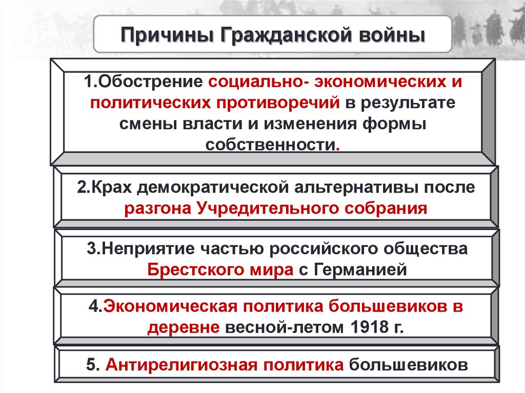 Причины Гражданской войны1.Обострение социально- экономических и
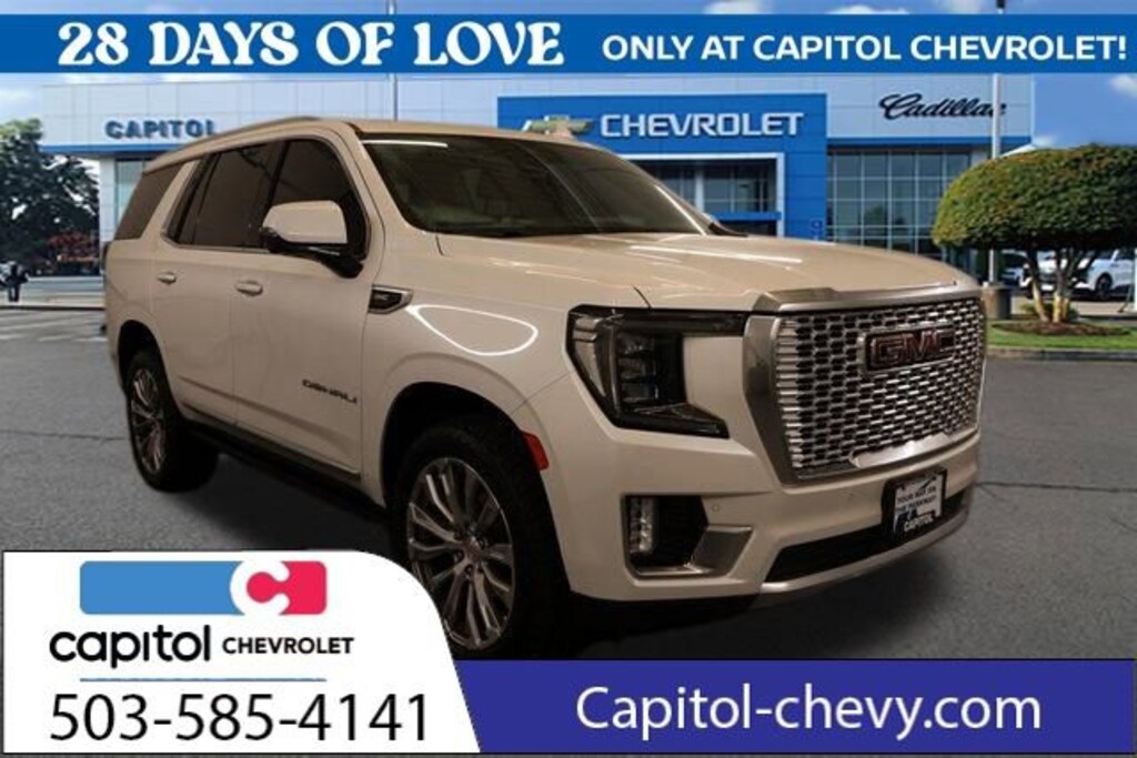 We Buy cars- Fast, Fair and Easy This 2021 White Frost Tricoat GMC Yukon Denali 4WD is well equipped and includes these features and benefits: Advanced Technology Package (Adaptive Cruise Control, Enhanced Automatic Emergency Braking, Inside Rearview Auto-Dimming Rear Camera Mirror, and Rear Camera Mirror Washer), Denali Premium Package (Dual-Pane Panoramic Power Sunroof and Power-Retractable Assist Steps), Advanced Security Package (Glass Breakage Sensor, Theft-Deterrent Alarm System, Vehicle Inclination Sensor, and Vehicle Interior Movement Sensor), License Plate Front Mounting Package, Preferred Equipment Group 5SA (12-Way Power Seat Adjusters, 15 Diagonal Multi-Color Head-Up Display, 2 Presets For Outside Rearview Mirrors, 3rd Row 60/40 Power-Folding Split-Bench Seat, Bright Front & Rear Door Sill Plates, Chrome Door Handles w/Body-Color Strip, Dual Exhaust System, Galvano Bodyside Moldings, Hands-Free Power Programmable Rear Liftgate, HD Surround Vision, Heated & Ventilated Driver & Front Passenger Seats, Heated 2nd Row Outboard Position Seats, Heated Automatic Steering Wheel, Heated Driver & Front Passenger Seats, Hill Descent Control, Inside Rear-View Auto-Dimming Mirror, Outside Heated Power-Adjustable Mirrors, Power Release 2nd Row Bucket Seats, Power Tilt & Telescopic Steering Column, Rear Pedestrian Alert, Safety Alert Seat, and Universal Home Remote), 14 Speakers, 3.23 Rear Axle Ratio, 3rd row seats: split-bench, 4-Wheel Disc Brakes, ABS brakes, Adaptive suspension, Air Conditioning, Alloy wheels, AM/FM radio: SiriusXM with 360L, Apple CarPlay/Android Auto, Auto High-beam Headlights, Auto-dimming door mirrors, Auto-dimming Rear-View mirror, Auto-leveling suspension, Automatic Emergency Braking, Automatic temperature control, Bodyside moldings, Bose 14-Speaker Surround w/CenterPoint, Brake assist, Bumpers: body-color, Compass, Delay-off headlights, Driver door bin, Driver vanity mirror, Dual front impact airbags, Dual front side impact airbags, Electronic Stability Control, Emergency communication system: OnStar and GMC connected services capable, Following Distance Indicator, Forward Collision Alert, Four wheel independent suspension, Front & Rear Park Assist, Front anti-roll bar, Front Bucket Seats, Front Center Armrest, Front dual zone A/C, Front fog lights, Front Pedestrian Braking, Front reading lights, Fully automatic headlights, Garage door transmitter, HD Radio, Heads-Up Display, Heated door mirrors, Heated front seats, Heated rear seats, Heated steering wheel, Illuminated entry, IntelliBeam Automatic High Beam On/Off, Lane Change Alert w/Side Blind Zone Alert, Lane Keep Assist w/Lane Departure Warning, Leather steering wheel, Low tire pressure warning, Magnetic Ride Control Suspension, Memory seat, Navigation System, Occupant sensing airbag, Outside temperature display, Overhead airbag, Overhead console, Panic alarm, Passenger door bin, Passenger vanity mirror, Perforated Leather Seating Surfaces, Power door mirrors, Power driver seat, Power Liftgate, Power passenger seat, Power Release 2nd Row 60/40 Split-Folding Bench Seat, Power steering, Power windows, Radio: AM/FM/SiriusXM w/Navigation, Rain sensing wipers, Rear air conditioning, Rear anti-roll bar, Rear Cross Traffic Alert, Rear reading lights, Rear window defroster, Rear window wiper, Remote keyless entry, Roof rack: rails only, Security system, SiriusXM w/360L, Speed control, Speed-sensing steering, Split folding rear seat, Spoiler, Steering wheel memory, Steering wheel mounted audio controls, Tachometer, Telescoping steering wheel, Tilt steering wheel, Traction control, Trip computer, Turn signal indicator mirrors, Variably intermittent wipers, Ventilated front seats, Volt
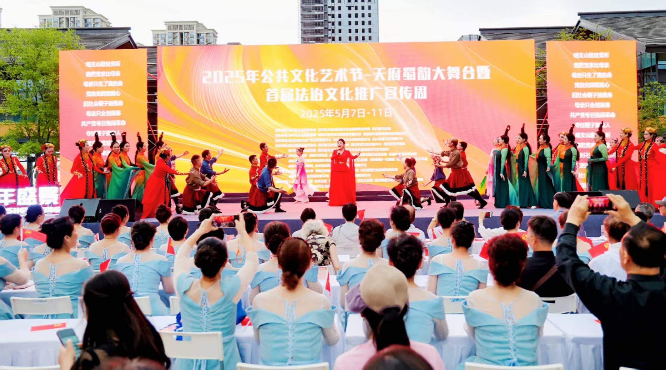 百花齐放,艺术展演营造美好氛围;文化润心,法治春风护航和谐社区。为深入贯彻落实党的二十大精神和2025年省文化、旅游工作和普法依法治省工作要点,着力推动文化事业繁荣兴盛,开展“百团百队”直达基层惠民演出活动的指导精神股门在线,锚定“文旅+百业”,聚焦文化旅游高质量发展,加强社会主义法治文化建设,撬动四川省广大群众文化队伍与优质品牌企业共同参与,5月7日,以“蜀韵华章,法润天府”为主题的2025四川公共文化艺术节蜀韵天府大舞台暨首届法治文化推广周(简称:艺术节)于成都天府艺术公园A区火热举行。
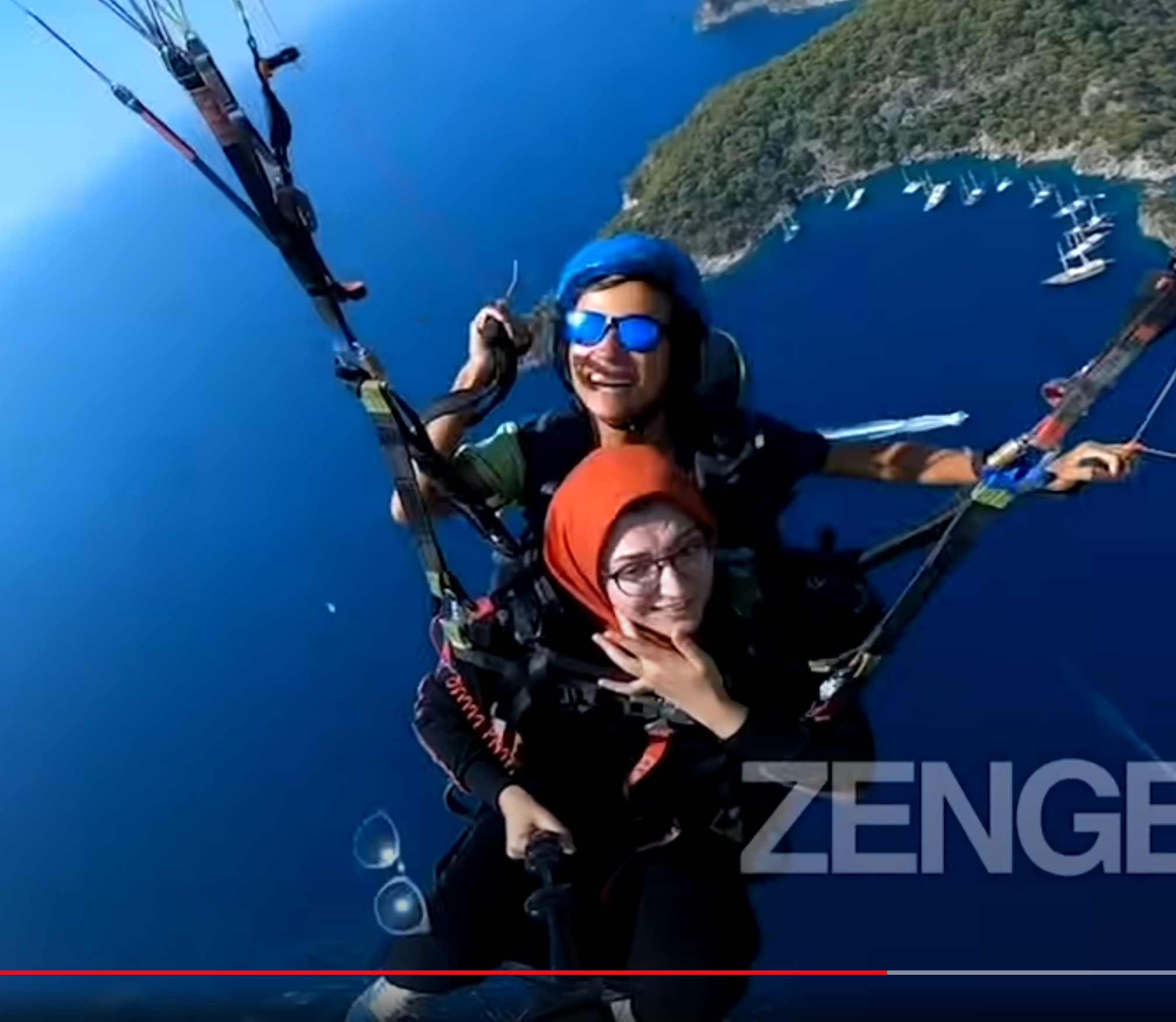 Alors qu'elle faisait du parapente en binôme cette jeune femme à perdu les verres teintés de se lunettes emportées par le souffle de l'air pendant une figure acrobatique (1:06).
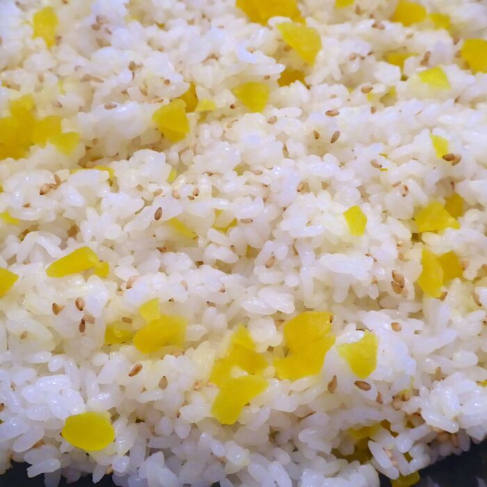 ご飯にすし酢を合わせて刻んだ沢庵、白ごまを混ぜます。
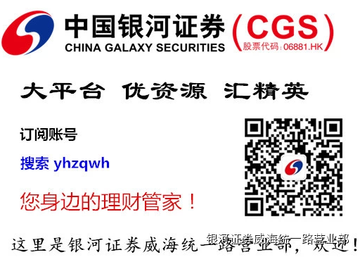 免责声明:本微信号提供的所有信息仅供参考,银河证券威海统一路营业部对该等信息的准确性、完整性或可靠性、及时性不作任何保证,并非作为买卖、认购证券或其它金融工具的邀请或保证
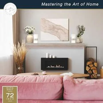 Show more Create a warm and inviting centerpiece for your home with the expertly crafted fireplace mantel by Master and Co. This stunning mantel features a modern farmhouse warm gray finish that not only elevates your interior décor but also provides a functional storage solution. Measuring 60 inches long by 8 inches wide and standing 5.5 inches high, this floating wall shelf is designed to gracefully fit above your fireplace while holding up to 30 lbs of weight.
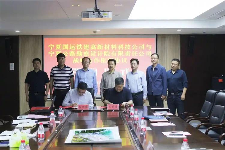 會議最后,寧夏國運鐵建高新材料科技公司董事長李志軍、寧夏公路勘察設計院總經理趙旭東代表雙方簽訂深度戰略合作框架協議。此次簽約,標志著雙方在基礎設施建設領域新材料、新技術、新工藝的研發、生產、銷售中全面展開戰略合作。
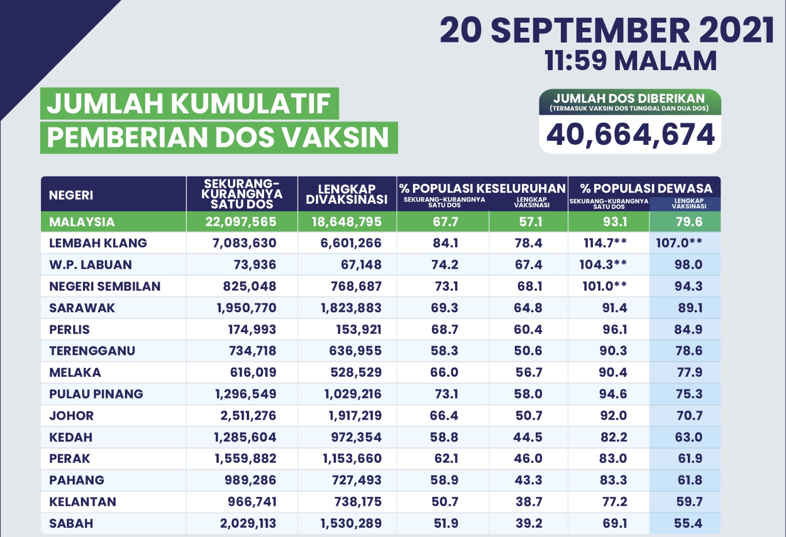 PUTRAJAYA 21 Sept. – Sasaran imuniti kelompok 80 peratus dalam kalangan populasi dewasa di negara ini semakin hampir apabila rekod setakat semalam mencapai 79.6 peratus atau 18.64 juta individu melengkapkan vaksinasi mereka. Sebanyak 93.1 peratus atau 22 juta individu pula telah menerima satu dos suntikan vaksin. Semalam, sejumlah 289,618 dos suntikan vaksin didaftarkan dan daripada jumlah itu, sebanyak 195,473 adalah bagi dos kedua dan 94,154 dos pertama. Ini menjadikan jumlah keseluruhan vaksin Covid-19 yang sudah didaftarkan adalah sebanyak 40.664 juta dos. Penambahan vaksin harian ini juga turut menyaksikan 57.1 peratus…
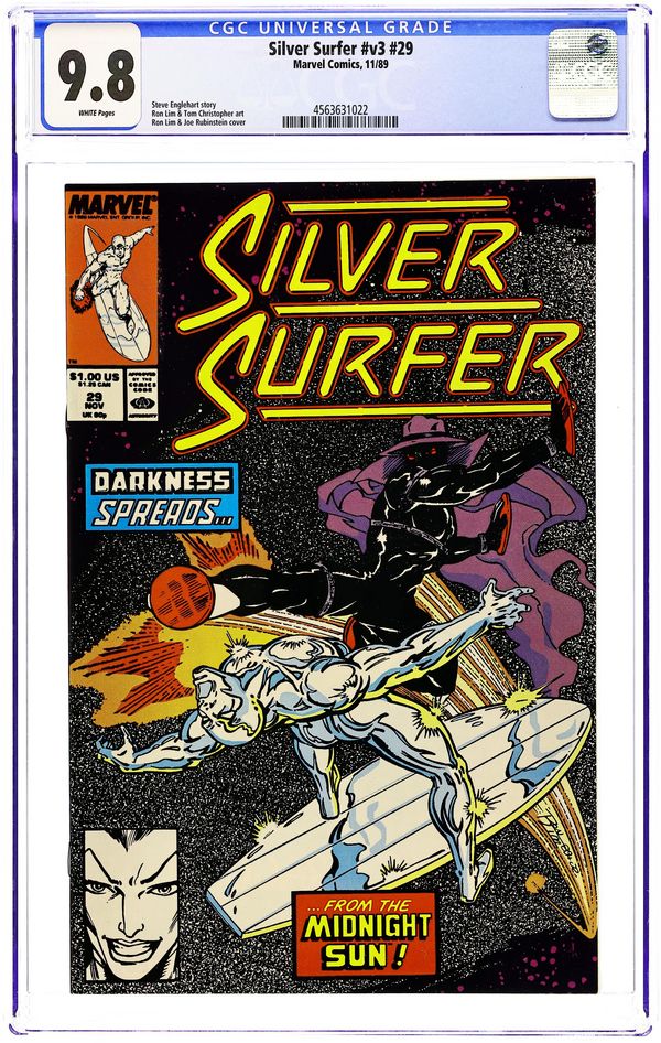 Direct Edition. Special Giant-Sized Issue. Kree/Skrull war. "Back to Black...?" Story by Steve Englehart. Art by Ron Lim and Joe Rubinstein. The Kree and Skrull Empires renew their war that has gone on for countless generations, and the Silver Surfer is caught in the middle of all the schemes and double-dealings. 48 pages. Cover price $1.50.
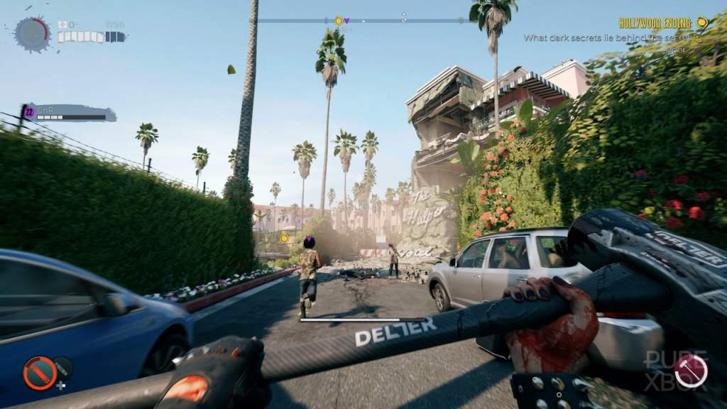 De la misma forma que en sus anteriores entregas, en Dead Island 2 se ha decidido evitar el mundo abierto. Alejándose del camino seguido por Dying Light (hasta ahora, el sucesor espiritual de la franquicia), avanzaremos por recintos cerrados, cada uno de ellos totalmente independiente al resto. Cada región de la ciudad contará con sus propias misiones, principales y secundarias, entornos, personajes y secretos. A cambio de esta decisión, nos encontramos con escenarios manejables, que evitan que el jugador pueda sentirse excesivamente abrumado y consiguen a la vez animarle a explorar, ofreciendo como recompensa nuevas y más poderosas armas principalmente.
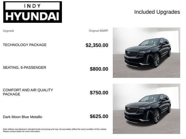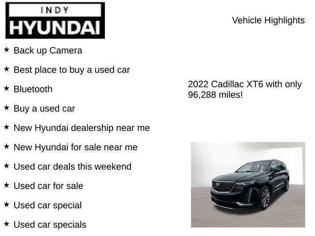 Back up Camera, Best place to buy a used car, Bluetooth, Buy a used car, New Hyundai dealership near me, New Hyundai for sale near me, Used car deals this weekend, Used car for sale, Used car special, Used car specials, Used cars near Indianapolis, Used cars near me, XT6 Premium Luxury, 4D Sport Utility, 3.6L V6 DI VVT, 9-Speed Automatic, AWD, Dark Moon Blue Metallic, Cirrus Leather.CARFAX One-Owner. Clean CARFAX. Dark Moon Blue Metallic 2022 Cadillac XT6 AWD Premium Luxury 3.6L V6 DI VVTAwards: * 2022 IIHS Top Safety Pick+Discover Your Perfect Vehicle at Bob Rohrman’s Indy Hyundai – Indianapolis’ Leading Dealership for New, Used, and Certified Pre-Owned Cars, SUVs, and Trucks Looking for your next car? At Bob Rohrman’s Indy Hyundai, we offer an unmatched selection of new, used, and certified pre-owned vehicles in Indianapolis, Indiana. Whether you’re after a spacious SUV, a rugged truck, or an efficient car, we’ve got all makes and models to suit your lifestyle. Shopping with us is easy—our team is dedicated to helping you find the perfect vehicle and making your car-buying experience smooth and hassle-free. With a great inventory and competitive pricing, we proudly serve customers throughout central Indiana. Stop by today for the best deals in town or explore our online inventory now.” Disclaimer: Vehicle descriptions, options, and trim levels may not be accurate due to automated processes.
□ □ □ □ □ □ □
[WHAT YOU ARE ASKED TO DO]
Whatever pictures the records hold, omit them; give again exactly the lines from the one containing "ご飯にすし酢を合わせて刻んだ沢庵、白ごまを混ぜます。" through the one containing "會議最后,寧夏國運鐵建高新材".

[SOLUTION TO THE EXERCISE]
 ご飯にすし酢を合わせて刻んだ沢庵、白ごまを混ぜます。
 免责声明:本微信号提供的所有信息仅供参考,银河证券威海统一路营业部对该等信息的准确性、完整性或可靠性、及时性不作任何保证,并非作为买卖、认购证券或其它金融工具的邀请或保证
 Show more Create a warm and inviting centerpiece for your home with the expertly crafted fireplace mantel by Master and Co. This stunning mantel features a modern farmhouse warm gray finish that not only elevates your interior décor but also provides a functional storage solution. Measuring 60 inches long by 8 inches wide and standing 5.5 inches high, this floating wall shelf is designed to gracefully fit above your fireplace while holding up to 30 lbs of weight.
 會議最后,寧夏國運鐵建高新材料科技公司董事長李志軍、寧夏公路勘察設計院總經理趙旭東代表雙方簽訂深度戰略合作框架協議。此次簽約,標志著雙方在基礎設施建設領域新材料、新技術、新工藝的研發、生產、銷售中全面展開戰略合作。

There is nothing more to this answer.